Department of Chemistry, University of Florida, Gainesville, Florida 32611, United States.
Department of Medicinal Chemistry, University of Florida, Gainesville, Florida 32610, United States.
J Chem Inf Model. 2022 May 9;62(9):2186-2201. doi: 10.1021/acs.jcim.1c01013. Epub 2021 Nov 1.
The quantification of chemical diversity has many applications in drug discovery, organic chemistry, food, and natural product chemistry, to name a few. As the size of the chemical space is expanding rapidly, it is imperative to develop efficient methods to quantify the diversity of large and ultralarge chemical libraries and visualize their mutual relationships in chemical space. Herein, we show an application of our recently introduced extended similarity indices to measure the fingerprint-based diversity of 19 chemical libraries typically used in drug discovery and natural products research with over 18 million compounds. Based on this concept, we introduce the Chemical Library Networks (CLNs) as a general and efficient framework to represent visually the chemical space of large chemical libraries providing a global perspective of the relation between the libraries. For the 19 compound libraries explored in this work, it was found that the (extended) Tanimoto index offers the best description of extended similarity in combination with RDKit fingerprints. CLNs are general and can be explored with any structure representation and similarity coefficient for large chemical libraries.
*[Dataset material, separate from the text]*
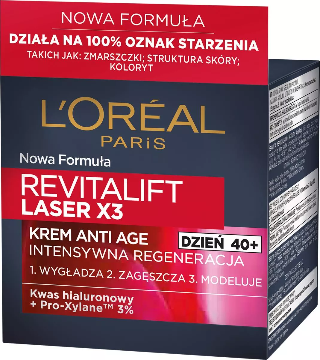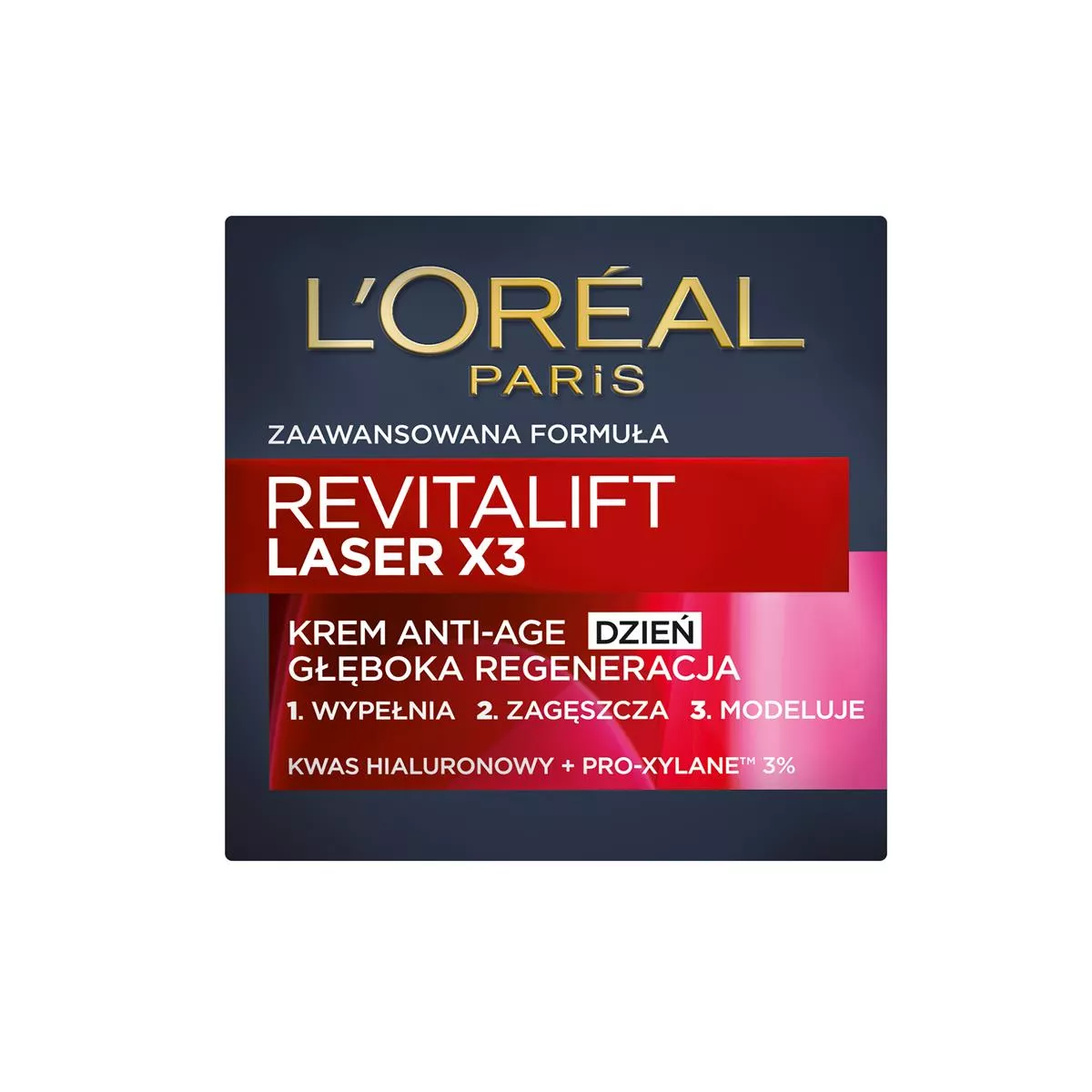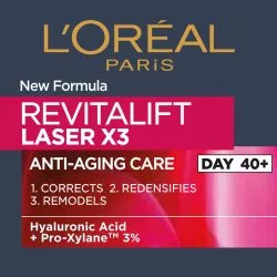 Krem anti-aging na dzień L'Oreal Paris Revitalift Laser X3 to wyjątkowy produkt o potrójnym działaniu, który pomoże Ci w walce z oznakami starzenia się skóry. Wzbogacony o trzy kluczowe składniki aktywne polecane przez dermatologów: pro-retinol, kwas hialuronowy oraz witaminę Cg. Każdy z tych składników działa synergicznie, aby zapewnić widoczne rezultaty: wygładzenie zmarszczek, intensywne ujędrnienie oraz rozświetlenie skóry. Już po pierwszym użyciu skóra jest bardziej nawilżona, a jej tekstura poprawiona. Po 6 miesiącach regularnego stosowania widoczność zmarszczek zmniejsza się nawet o 7 lat.

化学多样性的量化在药物发现、有机化学、食品和天然产物化学等领域有许多应用。随着化学空间的规模迅速扩大,开发有效方法来量化大型和超大型化学文库的多样性并在化学空间中可视化它们的相互关系势在必行。在此,我们展示了我们最近引入的扩展相似性指数在测量 19 个通常用于药物发现和天然产物研究的化学文库的基于指纹的多样性方面的应用,这些文库包含超过 1800 万个化合物。基于这一概念,我们引入了化学文库网络 (CLN),作为一个通用且高效的框架来直观地表示大型化学文库的化学空间,提供了库之间关系的全局视角。对于这项工作中探索的 19 个化合物库,发现(扩展)Tanimoto 指数与 RDKit 指纹相结合,提供了对扩展相似性的最佳描述。CLN 是通用的,可以与任何结构表示和相似系数一起用于大型化学文库。